In reality, it was busy dismantling every legal and diplomatic barrier that stood in Israel’s way.

It’s like pretending to oppose arson while supplying the gasoline, the match, and a round of applause.


The ‘Deal of the Century’ — A Blueprint for Control

The so-called Deal of the Century was marketed as peace.
What it really was, was a meticulously drawn blueprint for permanent subjugation — a map that gave Israel a legal halo for swallowing 30% of the West Bank. All that “conditional” annexation talk? Just window dressing for a process that was already underway, brick by brick, checkpoint by checkpoint.

While Washington posed for photo-ops under banners of “peace,” Palestinians watched bulldozers and settlers carve their future into fragments — a state in name, but a prison in practice.

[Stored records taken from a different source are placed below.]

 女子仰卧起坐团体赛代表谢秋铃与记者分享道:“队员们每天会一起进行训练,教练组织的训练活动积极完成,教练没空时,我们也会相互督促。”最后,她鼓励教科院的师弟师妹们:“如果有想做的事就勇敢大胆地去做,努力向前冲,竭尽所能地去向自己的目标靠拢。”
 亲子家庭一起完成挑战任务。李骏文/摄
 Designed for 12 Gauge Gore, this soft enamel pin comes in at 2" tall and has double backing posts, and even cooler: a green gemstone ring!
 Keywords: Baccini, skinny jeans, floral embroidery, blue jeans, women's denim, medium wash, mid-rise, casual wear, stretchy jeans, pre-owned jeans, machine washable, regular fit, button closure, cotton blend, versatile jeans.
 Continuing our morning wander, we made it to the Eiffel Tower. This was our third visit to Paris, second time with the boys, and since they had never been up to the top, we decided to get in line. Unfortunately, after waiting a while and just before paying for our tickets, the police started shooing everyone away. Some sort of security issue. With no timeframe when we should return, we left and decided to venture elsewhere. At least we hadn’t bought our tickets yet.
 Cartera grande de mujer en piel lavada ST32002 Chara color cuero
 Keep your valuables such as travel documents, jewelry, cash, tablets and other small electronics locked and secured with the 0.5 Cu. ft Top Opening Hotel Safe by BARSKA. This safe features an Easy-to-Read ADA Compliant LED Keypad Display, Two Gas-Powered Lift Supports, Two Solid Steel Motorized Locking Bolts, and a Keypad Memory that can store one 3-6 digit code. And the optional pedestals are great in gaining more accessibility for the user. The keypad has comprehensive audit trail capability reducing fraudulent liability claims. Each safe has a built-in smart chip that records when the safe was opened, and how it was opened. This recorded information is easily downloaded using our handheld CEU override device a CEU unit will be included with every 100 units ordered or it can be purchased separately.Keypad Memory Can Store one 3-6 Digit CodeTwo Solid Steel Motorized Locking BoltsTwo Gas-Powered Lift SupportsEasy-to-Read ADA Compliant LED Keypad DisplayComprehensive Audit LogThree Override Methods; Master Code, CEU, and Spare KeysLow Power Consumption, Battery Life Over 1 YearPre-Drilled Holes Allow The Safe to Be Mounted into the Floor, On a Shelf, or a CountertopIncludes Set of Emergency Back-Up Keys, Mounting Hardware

The Greatest Hits of De Facto Annexation

To grasp the scale of hypocrisy, let’s revisit the Top Five U.S. Moves That Weren’t Annexation (But Were):

  1. Recognizing the Golan Heights (2019):
    Because nothing screams “rule of law” like endorsing territorial conquest.

  2. Moving the Embassy to Jerusalem (2018):
    A gift-wrapped recognition of Israel’s claim over the whole city — a symbolic middle finger to Palestinian sovereignty.

  3. Declaring Settlements Legal (2019):
    Pompeo’s cheerful declaration that settlements were “not inconsistent with international law” — rewriting decades of U.S. policy with the precision of a bulldozer.

  4. Defunding the Palestinians:
    UNRWA slashed. Palestinian Authority starved. The logic? Starve the institutions, then blame them for being “too weak to govern.”

  5. Burying the Two-State Solution:
    A political obituary disguised as a peace plan. What remained was not a “solution,” but an apartheid management system with nicer graphics.




Reality Check: Annexation Without the Ceremony

By the time Netanyahu toyed with formally announcing annexation, there was almost nothing left to declare.
The walls were up, the roads divided, the maps rewritten, and the U.S. had already signed the permission slip.

De facto annexation had become so routine that even calling it “controversial” felt outdated — like debating the ethics of a crime scene long after the evidence was buried.

Meanwhile, Trump’s envoys proudly called it a “win-win.” For whom, exactly?
For the settlers with new roads, armed protection, and legal immunity — certainly.

For the Palestinians penned behind barriers, stripped of land, water, and movement — not so much.




Two Laws, One Land, and Zero Justice

Israel’s control of the West Bank operates like a manual on modern apartheid.
Settlers enjoy civilian law — highways, infrastructure, and tax breaks.
Palestinians live under military law — curfews, raids, and checkpoints.
It’s a system so starkly unequal that even South African veterans of apartheid have called it by its rightful name

And through it all, the U.S. played the role of the “concerned friend” — the one who tells you they’re against violence while selling the ammunition wholesale.


The Legacy of a Contradiction

Jack Khoury was right to call it a paradox, but perhaps that’s too polite a word.
This was not a contradiction; it was a performance of virtue to mask the mechanics of domination.

Trump didn’t need to sign an annexation decree.
He merely changed the weatherso that occupation no longer looked like occupation, but “security”; dispossession no longer sounded like injustice, but “peacekeeping.”

By the time the world blinked, annexation wasn’t a plan — it was a lived reality.


And So, the Curtain Closes

The Trump era will be remembered not for its honesty, but for its eloquent deceit.
It taught the world that you can destroy a people’s hope — legally, strategically, and photographically — while still calling it diplomacy.



The annexation that wasn’t — was.
The peace that was promised — wasn’t.
And the “deal of the century” turned out to be a century-long theft, finalized with a handshake and a smirk.